Work instructions → Skip the pictures. Output only the lines below starting at the line with "THE SURGEON JOHN" and ending at the line with "than proponent B", both ends included, exactly as they are.

Entries shown →
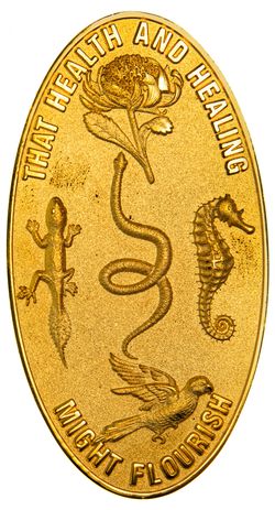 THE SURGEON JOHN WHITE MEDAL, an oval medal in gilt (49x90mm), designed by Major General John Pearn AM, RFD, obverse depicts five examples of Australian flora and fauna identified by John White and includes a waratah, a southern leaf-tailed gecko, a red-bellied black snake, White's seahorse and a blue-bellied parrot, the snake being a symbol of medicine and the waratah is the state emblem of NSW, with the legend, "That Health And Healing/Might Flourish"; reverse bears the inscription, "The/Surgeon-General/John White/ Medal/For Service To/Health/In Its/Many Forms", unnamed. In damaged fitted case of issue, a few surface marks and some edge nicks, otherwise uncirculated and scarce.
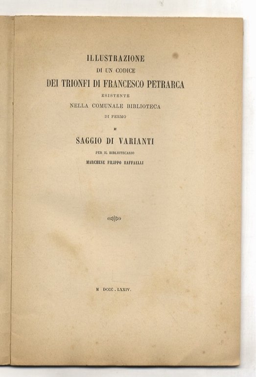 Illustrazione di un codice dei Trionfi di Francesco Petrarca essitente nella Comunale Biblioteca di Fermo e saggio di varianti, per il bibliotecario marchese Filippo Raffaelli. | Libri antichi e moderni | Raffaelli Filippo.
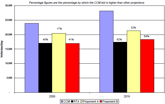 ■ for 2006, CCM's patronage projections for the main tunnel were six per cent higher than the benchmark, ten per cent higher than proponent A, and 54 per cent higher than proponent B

--

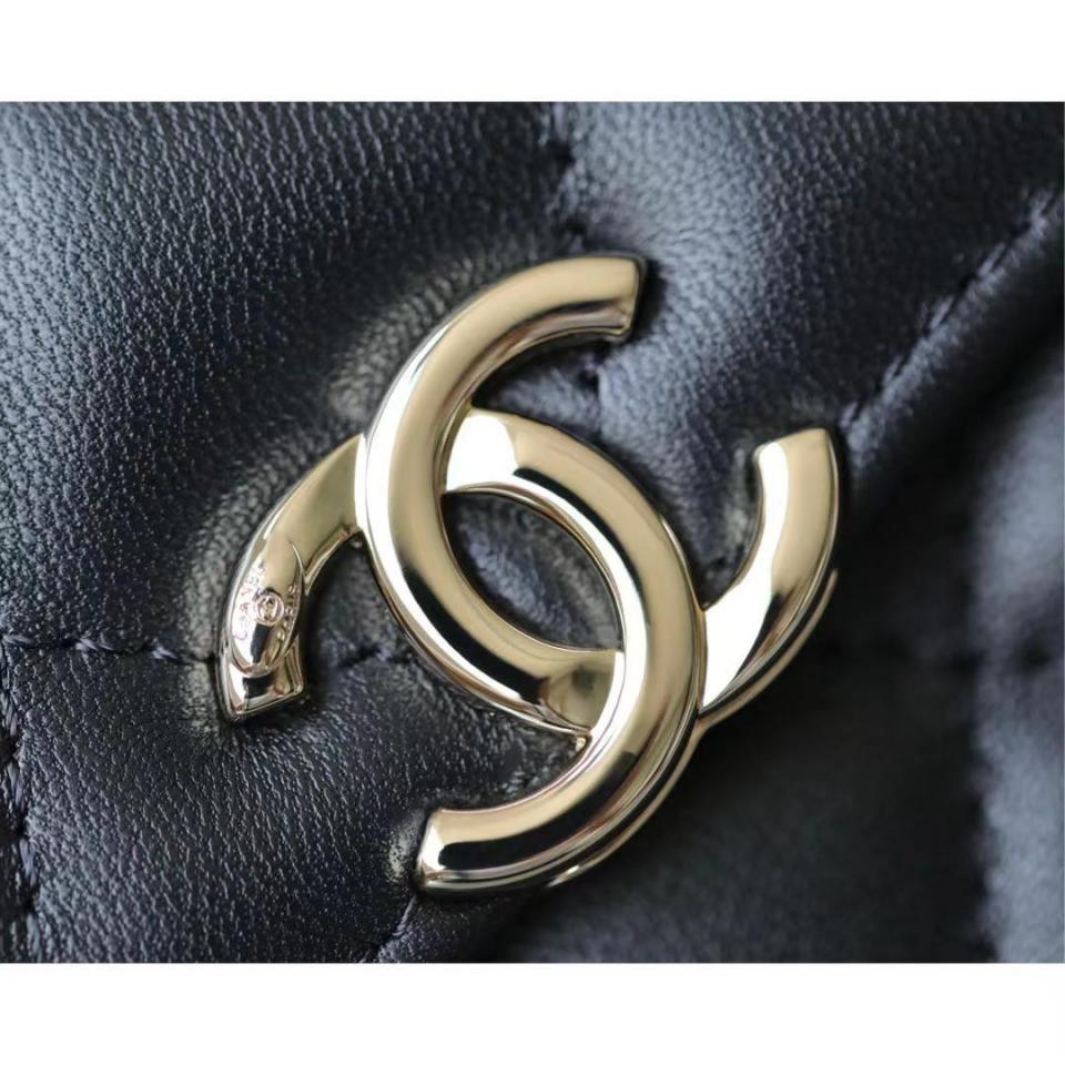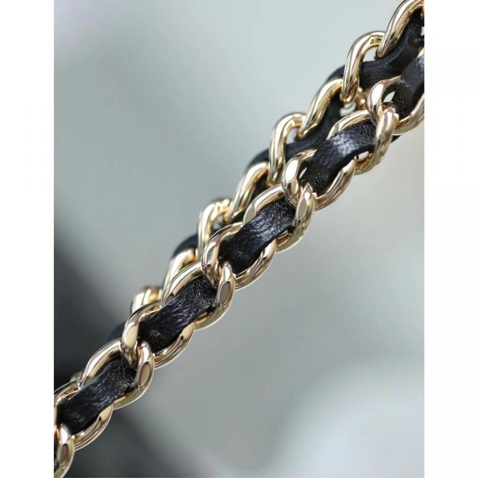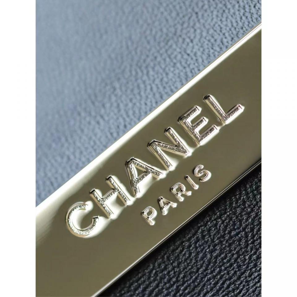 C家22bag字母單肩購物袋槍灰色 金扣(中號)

Exercise solution →
 THE SURGEON JOHN WHITE MEDAL, an oval medal in gilt (49x90mm), designed by Major General John Pearn AM, RFD, obverse depicts five examples of Australian flora and fauna identified by John White and includes a waratah, a southern leaf-tailed gecko, a red-bellied black snake, White's seahorse and a blue-bellied parrot, the snake being a symbol of medicine and the waratah is the state emblem of NSW, with the legend, "That Health And Healing/Might Flourish"; reverse bears the inscription, "The/Surgeon-General/John White/ Medal/For Service To/Health/In Its/Many Forms", unnamed. In damaged fitted case of issue, a few surface marks and some edge nicks, otherwise uncirculated and scarce.
 Illustrazione di un codice dei Trionfi di Francesco Petrarca essitente nella Comunale Biblioteca di Fermo e saggio di varianti, per il bibliotecario marchese Filippo Raffaelli. | Libri antichi e moderni | Raffaelli Filippo.
 ■ for 2006, CCM's patronage projections for the main tunnel were six per cent higher than the benchmark, ten per cent higher than proponent A, and 54 per cent higher than proponent B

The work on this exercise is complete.